For documentation purposes, I would like to add that I have indeed verified
that dd'ing only the first 512 bytes of the hard drive (i.e. the MBR or LBA
Sector 0) will NOT make the new hard drive a bootable drive, at least not in my
setup.
The reason for that is that GRUB Legacy is writing some instructions to the
next few sectors that follow the MBR. I do not know if Grub Legacy does this
on all setups or if just does this on those which have a "DOS compatible"
partition table (see "--DOS" flag for sfdisk) like mine.
Thanks!
- Jorge
> I believe that grub records the location of the next stage within the
> initial boot loader code there. You are correct in that it is safe to copy
> the MSDOS era boot loaders in that way; they search for a flag (boot/active)

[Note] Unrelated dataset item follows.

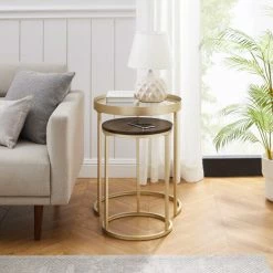Best Pirce ๐ Middlebrook Designs Contemporary Glass-Top Nesting Tables Dark Walnut/pale Gold ๐
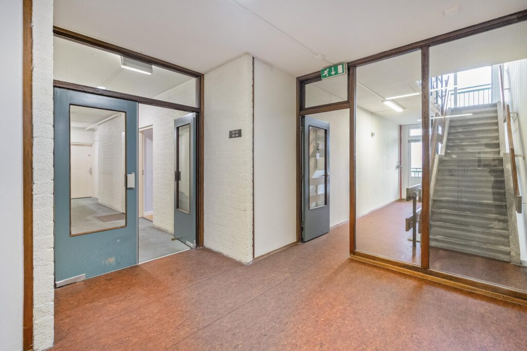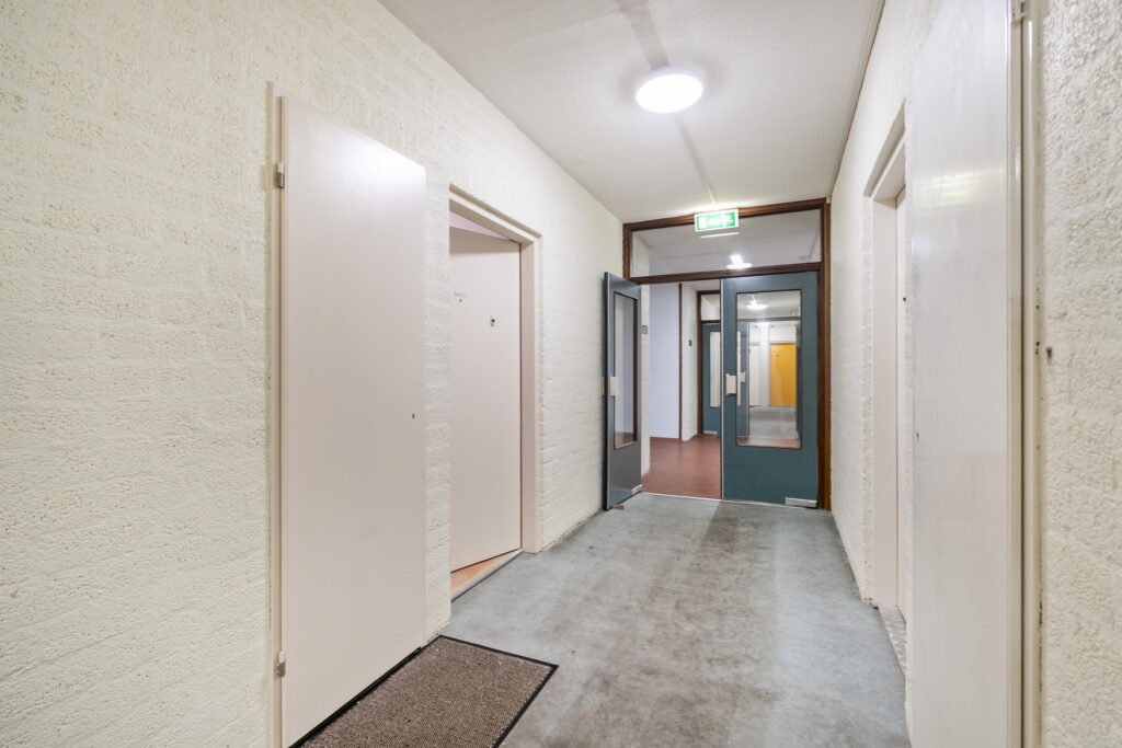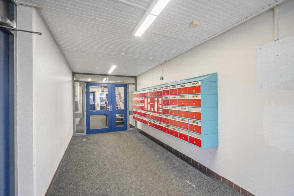 Gesloten gezamenlijke entree met bel-/intercominstallatie, brievenbussen, trappenhuis, lift en alle berginboxen van de bewoners.

> on a primary partition and chain a loader within that.
>
> What you should do to recover from this is, using the recovery CD do the
> following:
>
> Mount your root partitions somewhere
> mount -o bind /dev (/root/partition)/dev
> mount -o bind /sys (/root/partition)/sys
> mount -o bind /proc (/root/partition)/proc
> chroot (/root/partition) /bin/bash
> ( /bin/sh will likely also work, but you're probably used to bash in
> interactive mode )
> standard grub setup / reinstall commands for your distribution.
>
> In my case I'd manually invoke the grub shell, usually with a specified
> device map file, and then
> http://www.gnu.org/software/grub/manual/html_node/Installing-GRUB-natively.html.
>
> On Wed, Jul 29, 2009 at 7:39 AM, adrian15 <[email protected]> wrote:
>
> > Jorge Canas escribió:
> >
> >> If the first 446 bytes of the MBR can be reused, even if the harddrives
> >> are of different size, then can someone please throw me a bone and explain
> >> why cloning the MBR as described here does not produce a bootable
> >> harddrive?
> >>
> >
> > I think that you are talking about Grub legacy and I do not know if it is
> > currently supported in this mailing list.
> >
> > Grub legacy uses something called stage1_5 which it is stored between MBR
> > end and the first partition beginning.
> >
> > As long as you are not copying it the boot fails.
> > I do not know how to copy stage1_5 but it can be done.
> >
> > Another workaround is to force grub not to link stage1 to stage1_5 which
> > can be done with install command manually or using the Super Grub Disk's
> > hacked's grub's setup command. But it is not recommended.